Problem statement — Among the records, which lines hold the word "your"? Pick them out.

(Dataset records)
[Start of section]
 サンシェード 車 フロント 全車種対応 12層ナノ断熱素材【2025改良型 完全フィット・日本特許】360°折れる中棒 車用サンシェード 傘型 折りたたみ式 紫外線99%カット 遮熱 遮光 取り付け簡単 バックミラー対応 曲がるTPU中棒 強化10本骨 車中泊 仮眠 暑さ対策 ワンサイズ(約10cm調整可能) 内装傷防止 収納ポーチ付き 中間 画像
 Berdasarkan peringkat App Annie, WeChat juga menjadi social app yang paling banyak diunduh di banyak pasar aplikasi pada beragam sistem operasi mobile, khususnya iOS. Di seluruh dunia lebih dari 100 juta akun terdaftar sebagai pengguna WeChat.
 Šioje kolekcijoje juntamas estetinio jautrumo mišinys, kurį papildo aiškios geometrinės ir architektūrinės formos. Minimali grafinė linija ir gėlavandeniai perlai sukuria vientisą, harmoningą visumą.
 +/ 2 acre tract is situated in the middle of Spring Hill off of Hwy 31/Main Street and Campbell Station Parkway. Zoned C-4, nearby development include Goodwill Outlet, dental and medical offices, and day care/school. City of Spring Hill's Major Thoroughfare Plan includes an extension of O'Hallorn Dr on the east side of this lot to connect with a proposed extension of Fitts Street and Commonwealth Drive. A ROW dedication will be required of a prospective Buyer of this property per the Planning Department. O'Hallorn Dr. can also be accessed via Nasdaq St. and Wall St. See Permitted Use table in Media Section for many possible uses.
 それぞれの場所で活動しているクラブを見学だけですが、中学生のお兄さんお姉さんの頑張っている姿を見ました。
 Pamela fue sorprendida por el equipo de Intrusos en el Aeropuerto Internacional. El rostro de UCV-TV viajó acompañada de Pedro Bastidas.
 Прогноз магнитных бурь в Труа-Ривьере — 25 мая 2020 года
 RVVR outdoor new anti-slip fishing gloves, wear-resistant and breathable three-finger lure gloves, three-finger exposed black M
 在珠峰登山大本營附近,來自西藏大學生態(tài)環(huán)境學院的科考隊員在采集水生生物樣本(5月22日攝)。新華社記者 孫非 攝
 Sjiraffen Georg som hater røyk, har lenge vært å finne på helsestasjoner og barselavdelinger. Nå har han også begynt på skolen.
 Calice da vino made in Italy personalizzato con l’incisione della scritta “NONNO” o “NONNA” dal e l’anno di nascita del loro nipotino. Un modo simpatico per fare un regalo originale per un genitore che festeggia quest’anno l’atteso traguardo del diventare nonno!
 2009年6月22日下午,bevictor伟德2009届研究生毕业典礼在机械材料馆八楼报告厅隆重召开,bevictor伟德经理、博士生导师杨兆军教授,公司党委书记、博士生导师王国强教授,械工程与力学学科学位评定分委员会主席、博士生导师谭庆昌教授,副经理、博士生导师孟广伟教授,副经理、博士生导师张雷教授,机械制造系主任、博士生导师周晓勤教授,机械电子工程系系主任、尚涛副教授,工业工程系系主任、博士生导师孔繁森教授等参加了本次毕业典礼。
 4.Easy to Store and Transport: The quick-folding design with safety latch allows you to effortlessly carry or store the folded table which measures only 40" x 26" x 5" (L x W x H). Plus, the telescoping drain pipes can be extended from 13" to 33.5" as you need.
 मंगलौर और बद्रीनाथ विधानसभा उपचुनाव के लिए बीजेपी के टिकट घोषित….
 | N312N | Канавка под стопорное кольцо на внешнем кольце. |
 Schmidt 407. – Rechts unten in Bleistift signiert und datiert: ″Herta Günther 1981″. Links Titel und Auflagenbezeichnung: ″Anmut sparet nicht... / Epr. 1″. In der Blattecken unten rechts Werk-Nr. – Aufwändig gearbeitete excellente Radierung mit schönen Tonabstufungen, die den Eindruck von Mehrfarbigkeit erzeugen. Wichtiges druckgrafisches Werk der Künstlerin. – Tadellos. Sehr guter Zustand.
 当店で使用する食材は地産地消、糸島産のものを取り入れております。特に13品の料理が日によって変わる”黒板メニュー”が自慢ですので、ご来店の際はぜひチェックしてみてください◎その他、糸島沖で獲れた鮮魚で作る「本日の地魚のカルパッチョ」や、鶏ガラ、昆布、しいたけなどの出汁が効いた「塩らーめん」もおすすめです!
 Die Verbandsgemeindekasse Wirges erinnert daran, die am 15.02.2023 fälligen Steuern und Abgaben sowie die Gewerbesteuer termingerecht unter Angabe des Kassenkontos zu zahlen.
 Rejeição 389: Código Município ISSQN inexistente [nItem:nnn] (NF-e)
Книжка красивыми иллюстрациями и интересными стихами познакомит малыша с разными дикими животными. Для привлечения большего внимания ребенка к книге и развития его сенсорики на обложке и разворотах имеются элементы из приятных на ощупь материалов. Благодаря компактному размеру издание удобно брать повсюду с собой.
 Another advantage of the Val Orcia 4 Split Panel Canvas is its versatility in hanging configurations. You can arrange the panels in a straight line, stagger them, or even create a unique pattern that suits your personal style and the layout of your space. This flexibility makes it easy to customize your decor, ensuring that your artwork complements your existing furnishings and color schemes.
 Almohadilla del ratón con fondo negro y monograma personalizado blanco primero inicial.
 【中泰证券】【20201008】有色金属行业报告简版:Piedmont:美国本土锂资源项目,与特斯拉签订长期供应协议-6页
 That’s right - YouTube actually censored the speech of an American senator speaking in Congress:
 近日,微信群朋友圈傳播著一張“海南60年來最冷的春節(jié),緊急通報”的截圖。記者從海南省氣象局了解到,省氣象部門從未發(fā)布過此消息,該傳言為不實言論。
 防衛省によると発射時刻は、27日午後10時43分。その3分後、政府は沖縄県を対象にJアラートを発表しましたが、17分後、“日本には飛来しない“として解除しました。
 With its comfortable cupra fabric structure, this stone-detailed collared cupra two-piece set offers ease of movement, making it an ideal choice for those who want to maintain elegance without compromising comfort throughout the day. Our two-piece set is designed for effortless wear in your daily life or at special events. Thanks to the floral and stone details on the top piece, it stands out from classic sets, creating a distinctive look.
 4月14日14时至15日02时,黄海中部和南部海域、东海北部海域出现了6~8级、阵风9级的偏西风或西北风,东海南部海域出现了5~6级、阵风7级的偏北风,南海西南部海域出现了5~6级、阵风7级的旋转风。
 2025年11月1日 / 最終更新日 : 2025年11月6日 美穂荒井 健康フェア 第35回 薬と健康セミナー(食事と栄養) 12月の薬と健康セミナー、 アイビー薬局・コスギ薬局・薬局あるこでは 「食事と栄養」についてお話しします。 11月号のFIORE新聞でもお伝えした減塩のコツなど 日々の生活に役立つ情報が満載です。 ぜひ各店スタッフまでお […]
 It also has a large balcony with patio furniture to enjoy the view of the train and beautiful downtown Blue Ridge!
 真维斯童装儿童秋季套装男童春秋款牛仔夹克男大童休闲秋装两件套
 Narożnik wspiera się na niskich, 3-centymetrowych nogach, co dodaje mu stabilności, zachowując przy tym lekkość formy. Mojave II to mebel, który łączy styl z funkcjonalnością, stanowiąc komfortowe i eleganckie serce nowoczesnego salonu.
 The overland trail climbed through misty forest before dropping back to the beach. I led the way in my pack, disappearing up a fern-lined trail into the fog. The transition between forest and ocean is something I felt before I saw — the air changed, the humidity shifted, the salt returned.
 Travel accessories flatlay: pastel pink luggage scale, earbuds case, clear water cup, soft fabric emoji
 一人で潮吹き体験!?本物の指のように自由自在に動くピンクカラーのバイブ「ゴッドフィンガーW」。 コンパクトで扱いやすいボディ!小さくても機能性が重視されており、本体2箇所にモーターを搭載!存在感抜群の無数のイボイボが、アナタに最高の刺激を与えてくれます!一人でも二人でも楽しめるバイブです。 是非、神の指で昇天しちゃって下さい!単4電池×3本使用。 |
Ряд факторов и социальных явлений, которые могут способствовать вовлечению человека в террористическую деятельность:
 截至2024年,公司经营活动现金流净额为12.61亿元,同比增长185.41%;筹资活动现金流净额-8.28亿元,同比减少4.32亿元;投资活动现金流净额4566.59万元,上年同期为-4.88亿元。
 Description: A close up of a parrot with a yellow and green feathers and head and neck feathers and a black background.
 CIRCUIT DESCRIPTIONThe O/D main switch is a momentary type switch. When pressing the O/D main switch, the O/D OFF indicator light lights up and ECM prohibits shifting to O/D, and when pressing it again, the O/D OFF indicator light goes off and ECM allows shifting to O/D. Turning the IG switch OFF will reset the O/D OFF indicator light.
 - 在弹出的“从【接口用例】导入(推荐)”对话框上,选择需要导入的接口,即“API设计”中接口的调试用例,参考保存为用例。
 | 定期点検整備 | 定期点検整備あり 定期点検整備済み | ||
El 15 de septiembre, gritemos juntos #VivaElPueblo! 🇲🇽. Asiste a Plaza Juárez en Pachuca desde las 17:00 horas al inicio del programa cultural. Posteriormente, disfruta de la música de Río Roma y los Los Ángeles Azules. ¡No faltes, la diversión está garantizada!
[End of section]
Answer for this exercise —
 Another advantage of the Val Orcia 4 Split Panel Canvas is its versatility in hanging configurations. You can arrange the panels in a straight line, stagger them, or even create a unique pattern that suits your personal style and the layout of your space. This flexibility makes it easy to customize your decor, ensuring that your artwork complements your existing furnishings and color schemes.
 With its comfortable cupra fabric structure, this stone-detailed collared cupra two-piece set offers ease of movement, making it an ideal choice for those who want to maintain elegance without compromising comfort throughout the day. Our two-piece set is designed for effortless wear in your daily life or at special events. Thanks to the floral and stone details on the top piece, it stands out from classic sets, creating a distinctive look.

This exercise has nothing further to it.